It looked as though it would be close, but the outcome of the Alliance shareholder vote on the Dawn Meats offer was a landslide with 87% voting in favour of the deal.
There was a late rearguard action by a group of large shareholders to persuade the rest of the shareholders to vote the proposal down and pursue an alternative scheme which would have entailed further equity investment via deductions from livestock proceeds, asset sales and future profits.
Most of the shareholders had probably made their minds up and voted long before this alternative was presented to them. Sensibly the majority worked out that a better offer wasn’t forthcoming and if they voted against it, the banking syndicate would carry out its threat to call in the receivers.
The naysayers argued that the banks would not be stupid enough to close the doors before the processing season got underway in the new year, but that always looked like a risky act of blind optimism.

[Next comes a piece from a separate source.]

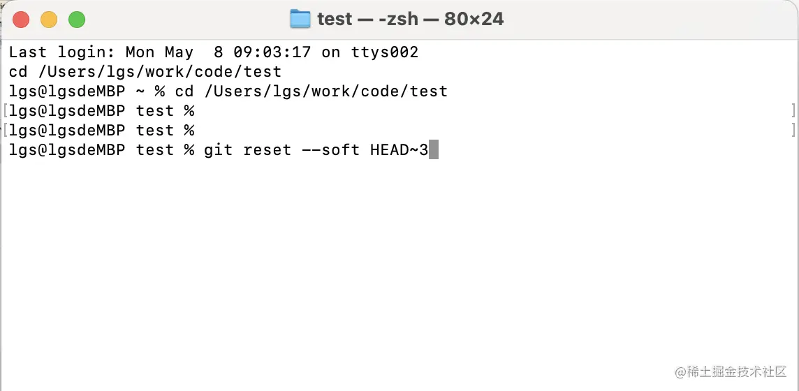 git reset --soft HEAD~3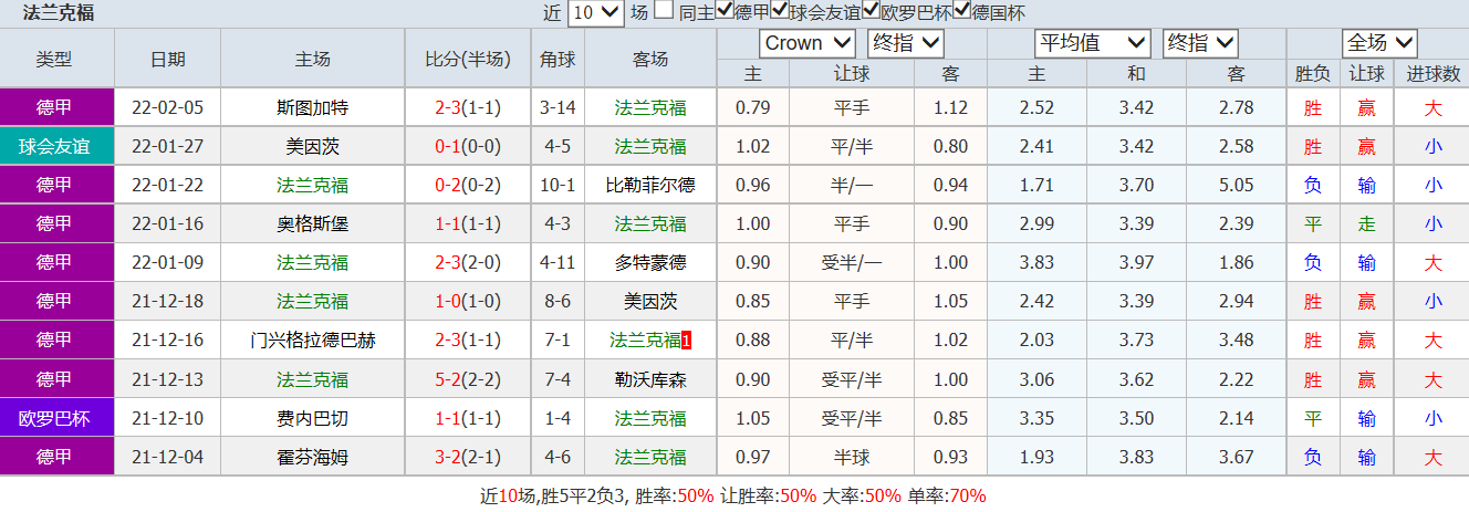 法兰克福作为德甲的中游球队,球队整体的阵容和实力尚可,本赛季联赛赛事取得8胜7平6负的成绩,打进33球,失32球,积31分。球队近期的成绩较为波动。上场联赛对战斯图加特,两队场面上表现激烈,上半场开局球队便轰入1球,取得领先,不过半场末段被对手斯图加特扳平;下半场开局球队再轰入1球,之后再被追赶扳平,还好紧接着球队再次轰入1球,实现领先,最终以3-2的比分获胜。

Clearly the banks want a clean exit without having to write any of their debt off and the Dawn Meats deal provides exactly that, especially as it had already been approved by the Overseas Investment Office.
Any alternative based on shareholder deductions (would they be voluntary or compulsory?), asset sales (what would these be?) and future profits (not guaranteed) would be highly uncertain, especially over the proposed three-year timeframe.

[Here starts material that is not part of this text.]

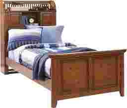 Offering classic style with useful updates for modern life, the Mission bookcase bed is a timeless addition to any child's bedroom. Crafted of wood solids and oak veneers with a rubbed finish, details such as walnut veneer inlays and slat detailing give this bed a quality feel. The functional bookcase headboard features a shelf, open cubby and two closed door cabinets featuring antique brass hardware, providing plenty of storage for books, toys and more. Mattress and foundation (if required) sold separately. Bed shown is twin size. Bunkie required for mattress support.

Shareholders decided by a wide margin they did not want to invest more capital in a cooperative in which they already hold shares without any guarantee they would ever get their money back. Realistically a farmer’s first commitment is to the farm and the destination of livestock supply can be negotiated with several processors.
At least Dawn Meats’ investment in Alliance guarantees business continuity in the short to medium term which ensures suppliers will be able to get their livestock killed and be paid. Longer term is less certain, as Dawn will inevitably want to make decisions about plant efficiencies, capacity and strategic direction.
Both parties to the partnership have made much of the synergies available for value creation from the arrangement, although these may not be so easy to realise, unless there are previously untapped market opportunities. Generally the meat industry has been very adept at recognising opportunities for value capture. Where some companies have been less adept is in controlling costs of market investment in the opportunities. In the New Zealand meat industry
An essential meat industry adage is that it is essential to ensure the margin available from each part of the carcase exceeds the cost of recovery. Where this becomes harder to evaluate is beyond the point of processing. Controlling the cost of the sales and marketing channel is just as important.
The question now is whether this latest development will change the state of the meat industry. At first glance it preserves a status quo with no change of available capacity to process a diminishing supply of livestock. Each processor must now evaluate their competitiveness in the expectation Dawn Meats will wish to bring Alliance up to industry best.
This will not come cheap. On top of the investment of $270 million to buy into Alliance, I estimate it will take a similar amount to upgrade the assets. It is hard to believe Dawn intended to invest half a billion dollars in buying its stake before it can start to earn a return on the capital. The next 12 months will be very interesting, but at least the immediate future is assured.